**ASSIGNED TASK**
Lines below starting with the line with "Natural Swiss Blue" and going on through the line with "Midt i stille, mystiske" must be output exactly; the rest of the records must be left out.

**STUDY MATERIAL**

+--

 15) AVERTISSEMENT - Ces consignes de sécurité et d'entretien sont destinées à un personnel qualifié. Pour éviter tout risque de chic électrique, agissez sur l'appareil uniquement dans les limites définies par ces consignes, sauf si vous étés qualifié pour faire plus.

+--

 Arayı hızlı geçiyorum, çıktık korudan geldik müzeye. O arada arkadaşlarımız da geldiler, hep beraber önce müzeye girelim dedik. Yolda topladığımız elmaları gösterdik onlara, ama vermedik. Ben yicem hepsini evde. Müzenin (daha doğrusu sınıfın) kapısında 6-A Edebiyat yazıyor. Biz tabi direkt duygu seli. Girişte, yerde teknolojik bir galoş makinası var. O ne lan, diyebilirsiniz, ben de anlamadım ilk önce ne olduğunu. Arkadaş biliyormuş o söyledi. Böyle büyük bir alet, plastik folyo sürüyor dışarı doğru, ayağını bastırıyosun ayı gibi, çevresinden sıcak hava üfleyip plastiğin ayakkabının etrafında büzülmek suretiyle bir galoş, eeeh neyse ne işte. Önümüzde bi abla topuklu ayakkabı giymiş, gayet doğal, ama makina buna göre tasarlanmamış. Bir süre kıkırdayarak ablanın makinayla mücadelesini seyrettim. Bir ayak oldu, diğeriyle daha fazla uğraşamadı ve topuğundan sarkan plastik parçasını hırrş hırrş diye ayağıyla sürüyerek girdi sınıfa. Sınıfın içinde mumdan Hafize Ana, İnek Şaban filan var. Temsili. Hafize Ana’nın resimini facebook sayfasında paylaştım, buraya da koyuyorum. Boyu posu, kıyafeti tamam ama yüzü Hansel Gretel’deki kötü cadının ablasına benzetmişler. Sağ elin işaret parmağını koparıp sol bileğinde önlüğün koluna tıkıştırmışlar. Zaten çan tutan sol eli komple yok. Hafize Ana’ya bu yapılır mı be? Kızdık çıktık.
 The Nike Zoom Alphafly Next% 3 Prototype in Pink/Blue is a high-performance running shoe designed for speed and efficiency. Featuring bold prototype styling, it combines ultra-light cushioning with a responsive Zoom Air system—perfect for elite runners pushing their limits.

+--

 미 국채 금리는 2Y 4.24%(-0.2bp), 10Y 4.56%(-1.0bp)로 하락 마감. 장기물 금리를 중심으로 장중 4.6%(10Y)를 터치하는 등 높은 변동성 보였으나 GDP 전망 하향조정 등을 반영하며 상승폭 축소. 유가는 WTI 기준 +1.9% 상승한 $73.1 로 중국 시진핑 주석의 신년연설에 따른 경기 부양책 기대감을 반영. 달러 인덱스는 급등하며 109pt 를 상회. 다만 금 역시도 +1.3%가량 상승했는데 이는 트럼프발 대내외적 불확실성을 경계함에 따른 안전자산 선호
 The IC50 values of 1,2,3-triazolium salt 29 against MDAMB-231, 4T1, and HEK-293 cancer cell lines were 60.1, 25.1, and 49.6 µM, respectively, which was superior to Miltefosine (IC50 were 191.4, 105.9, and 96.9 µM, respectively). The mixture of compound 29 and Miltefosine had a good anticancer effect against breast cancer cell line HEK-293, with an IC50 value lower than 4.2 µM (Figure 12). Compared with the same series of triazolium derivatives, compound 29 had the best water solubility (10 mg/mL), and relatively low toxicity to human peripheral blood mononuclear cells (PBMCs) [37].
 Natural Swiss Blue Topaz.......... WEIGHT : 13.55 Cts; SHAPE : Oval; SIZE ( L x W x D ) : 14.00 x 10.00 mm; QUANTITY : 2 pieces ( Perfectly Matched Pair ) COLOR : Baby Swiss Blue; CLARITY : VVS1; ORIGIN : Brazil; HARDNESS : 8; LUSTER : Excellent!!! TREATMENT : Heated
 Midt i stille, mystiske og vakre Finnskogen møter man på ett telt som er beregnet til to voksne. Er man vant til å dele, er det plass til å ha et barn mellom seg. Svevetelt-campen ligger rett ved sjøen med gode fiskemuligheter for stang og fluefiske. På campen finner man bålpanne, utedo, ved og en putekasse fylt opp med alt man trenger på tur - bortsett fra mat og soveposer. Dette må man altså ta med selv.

+--

**RESPONSE TO THE EXERCISE**
 Natural Swiss Blue Topaz.......... WEIGHT : 13.55 Cts; SHAPE : Oval; SIZE ( L x W x D ) : 14.00 x 10.00 mm; QUANTITY : 2 pieces ( Perfectly Matched Pair ) COLOR : Baby Swiss Blue; CLARITY : VVS1; ORIGIN : Brazil; HARDNESS : 8; LUSTER : Excellent!!! TREATMENT : Heated
 Midt i stille, mystiske og vakre Finnskogen møter man på ett telt som er beregnet til to voksne. Er man vant til å dele, er det plass til å ha et barn mellom seg. Svevetelt-campen ligger rett ved sjøen med gode fiskemuligheter for stang og fluefiske. På campen finner man bålpanne, utedo, ved og en putekasse fylt opp med alt man trenger på tur - bortsett fra mat og soveposer. Dette må man altså ta med selv.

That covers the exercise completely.